━━━ MATERIAL FOR THE TASK ━━━

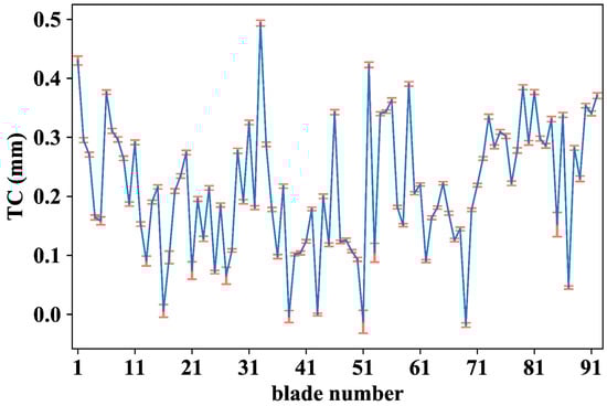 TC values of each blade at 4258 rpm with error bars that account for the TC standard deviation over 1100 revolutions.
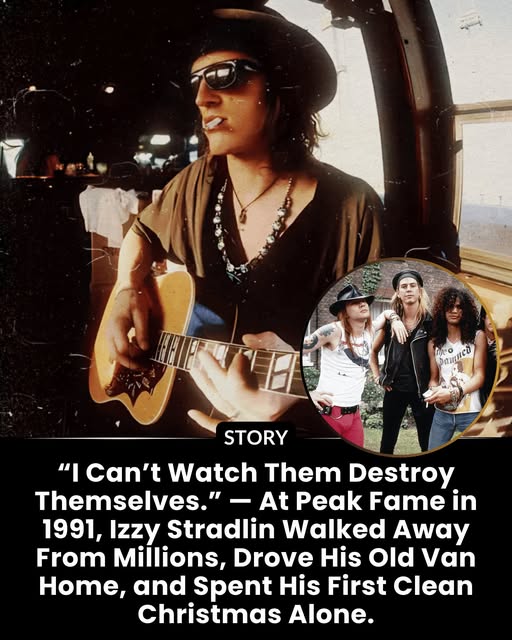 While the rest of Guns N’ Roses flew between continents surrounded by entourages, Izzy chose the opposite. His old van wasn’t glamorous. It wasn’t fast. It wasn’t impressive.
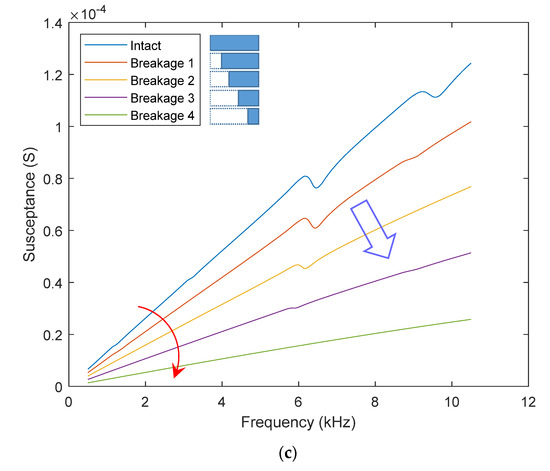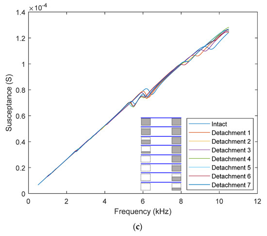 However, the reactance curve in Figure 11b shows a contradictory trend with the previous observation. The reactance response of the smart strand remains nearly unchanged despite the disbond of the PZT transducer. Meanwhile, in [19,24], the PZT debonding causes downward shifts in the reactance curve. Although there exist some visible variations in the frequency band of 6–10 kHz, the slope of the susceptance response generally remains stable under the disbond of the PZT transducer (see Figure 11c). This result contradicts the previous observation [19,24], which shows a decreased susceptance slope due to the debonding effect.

━━━
━━━ MATERIAL FOR THE TASK ━━━

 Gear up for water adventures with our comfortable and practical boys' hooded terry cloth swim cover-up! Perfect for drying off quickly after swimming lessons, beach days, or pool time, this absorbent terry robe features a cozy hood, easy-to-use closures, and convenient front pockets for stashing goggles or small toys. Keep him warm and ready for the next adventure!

━━━

_WHAT THE TASK ASKS_. Reproduce, exactly and only, the lines of the records above starting at the line with "TC values of" and ending at the line with "While the rest", both included. Leave every picture out.

_EXERCISE OUTPUT_.
 TC values of each blade at 4258 rpm with error bars that account for the TC standard deviation over 1100 revolutions.
 While the rest of Guns N’ Roses flew between continents surrounded by entourages, Izzy chose the opposite. His old van wasn’t glamorous. It wasn’t fast. It wasn’t impressive.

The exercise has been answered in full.